Manifest disregard of the law

Don Murnane, partner at Freehill, Hogan & Mahar, LLP, looks at balancing the need for judicial review of law-based awards with the twin goals of modern ADR - cost efficiency and finality.

AT various times in the past, arbitration has been viewed by the judiciary in the United States and England with suspicion, sometimes even hostility, on the ground that it threatened to "erode judicial authority". Laymen serving as arbitrators were viewed by some judges as lacking in adequate judicial training and thus unskilled in applying the law. For example, in the 1915 maritime case of US Asphalt Refining v Trinidad Lake Petroleum (222 F 1006, 1008, SDNY 1915), English and United States precedent was cited by a federal court in New York to invalidate a charter party arbitration agreement because, in part, "the legal mind must assign some reason in order to decide anything with spiritual quiet…"

The earliest origins of judicial hostility to arbitration may have been more temporal, however. As Lord Campbell explained in the 1855 English case of Scott v Avery (25 LJ Ex 308, 313)

"There was no disguising the fact that, as formerly, the emoluments of the judges depended mainly, or almost entirely, upon fees, and as they had no fixed salaries, there was great competition to get as much as possible of litigation into Westminster Hall, and a great scramble in Westminster Hall for the division of the spoil * * * [T]hey had great jealousy of arbitrations whereby Westminster Hall was robbed of those cases which came not into Kings Bench, nor the Common Pleas, nor the Exchequer. Therefore they said that the courts ought not to be ousted of their jurisdiction, and that it was contrary to the policy of the law to do so." (See Kulukundis Shipping Co v Amtorg Trading Corp, 126 F 2d 978, 983 n.14, 2d Cir 1942).

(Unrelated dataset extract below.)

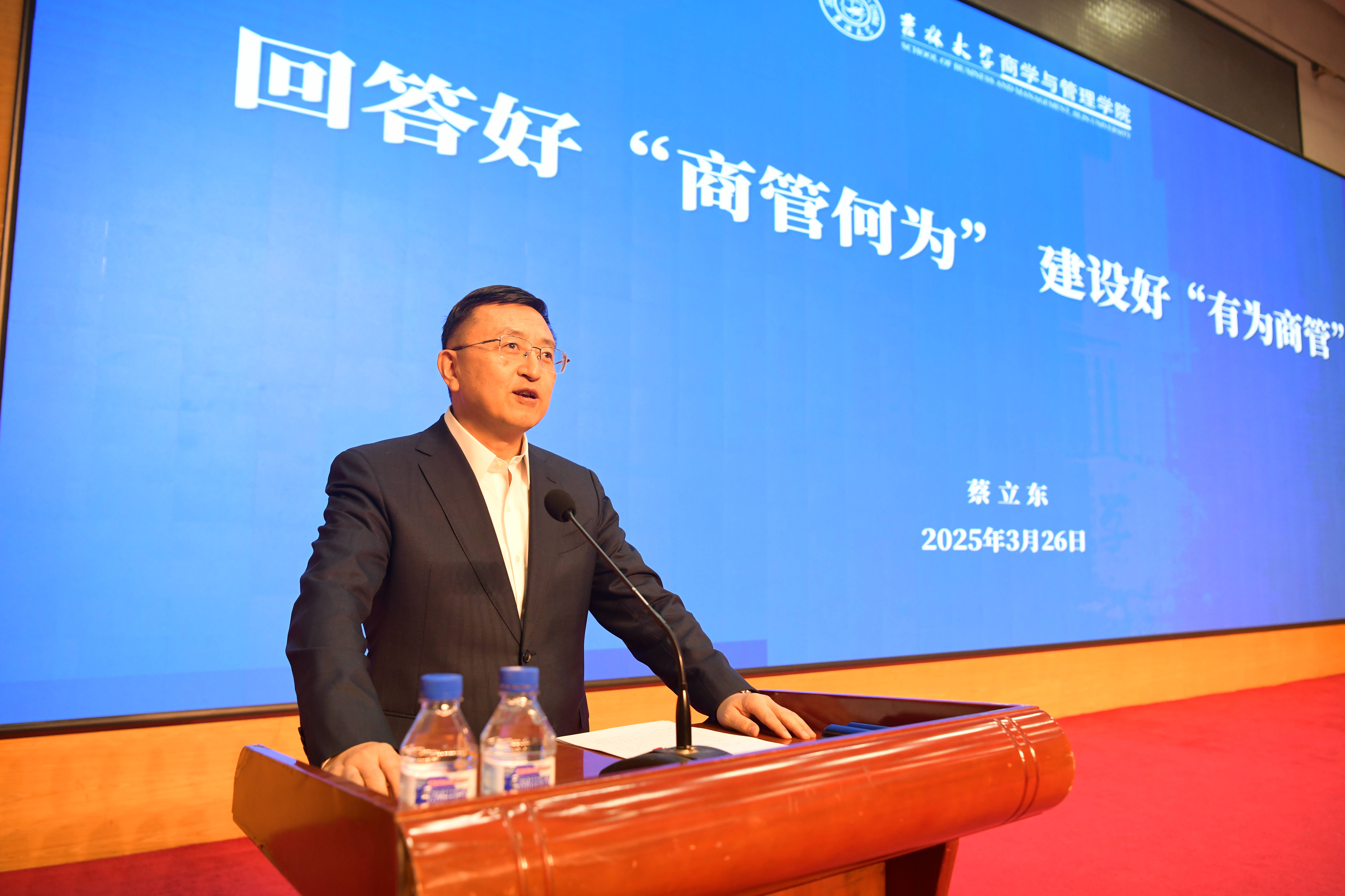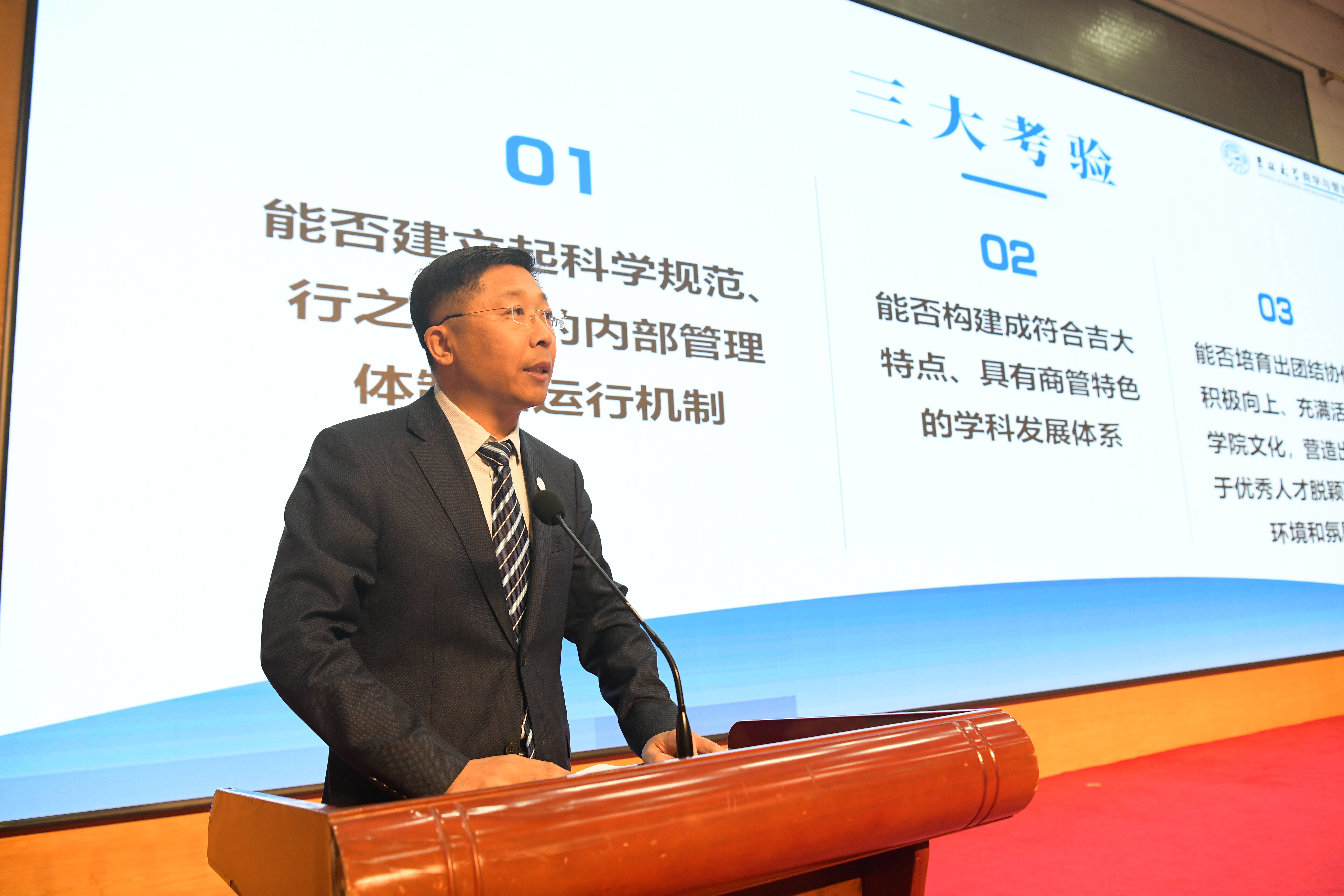 院长蔡立东教授对会议进行了全面总结。他对学院过去一年取得的成绩给予了充分肯定,对2025年的具体工作进行了强调部署。蔡校长指出:建设“有为商管”需要始终坚定奋斗方向,一马当先“争上游”;需要始终扭住奋斗关键,一以贯之“重合作”;需要始终保持奋斗情怀,一如既往“提士气”;更需要始终紧盯奋斗目标,一丝不苟“促发展”。商管人回首过去,是在用“赶考”之心向历史致敬;商管人展望未来,更是在用“赶考”之行对历史负责。希望全体商管人以“六个坚持”为引领,回答好“商管何为”,以“四个重点”为突破,建设好“有为商管”。

As with many things, however, times have changed. Today, as society has become far more litigious and the courts overcrowded, a strong public policy in favour of arbitration has developed. A premium is now placed on the "twin goals" of arbitration - settling disputes efficiently and avoiding large and expensive litigation. This is especially so in the commercial context where, for many trades and industries, resolution of disputes may well depend more on custom and practice than on esoteric or complex legal analysis.

Maritime arbitration is perhaps the best example of the success of private dispute resolution in a sophisticated commercial setting. Judicial decisions now uniformly recognise the tremendous benefit of such alternative dispute resolution. the US Supreme Court has noted, "We are well past the time when judicial suspicion…of the competence of arbitral tribunals inhibited the development of arbitration as an alternative means of dispute resolution". (Mitsubishi Motors v Soler, 473 US 626, 626-27, 1985).

As former Supreme Court Chief Judge Harlan Fiske Stone, commented before the Academy of Political Science, "The very refinements and complexities of our court machinery often make it cumbersome and dilatory when applied to controversies involving simple issues of fact or law. This is especially true in the case when the issue of fact turns upon expert knowledge as to the nature or quality of merchandise or the damage consequent upon the failure to perform a contract for its delivery…which can be better determined by a layman having training and experience in a particular trade or business than by a judge and jury who have not had that training and experience."

Statutory Provisions

In line with these overriding practical concerns, and to prevent arbitration from becoming just another layer in the already protracted litigation process, federal and state legislatures in the US have enacted statutes which severely restrict a court's authority to review an award. For maritime arbitration in the US, the standard of review is governed by the Federal Arbitration Act (FAA). Modelled on New York State law enacted in 1920, the FAA specifies, at Section 10(a), the following limited bases for overturning an award:

  • The award was "procured by corruption, fraud or undue means".
  • "Evident partiality or corruption in the arbitrators, or either of them."
  • "The arbitrators were guilty of misconduct in refusing to postpone the hearing, upon sufficient cause shown, or in refusing to hear evidence pertinent and material to the controversy, or any other misbehaviour by which the rights of any party have been prejudiced."
  • The "arbitrators exceeded their powers, or so imperfectly executed them that a mutual, final, and definite award upon the subject matter submitted was not made".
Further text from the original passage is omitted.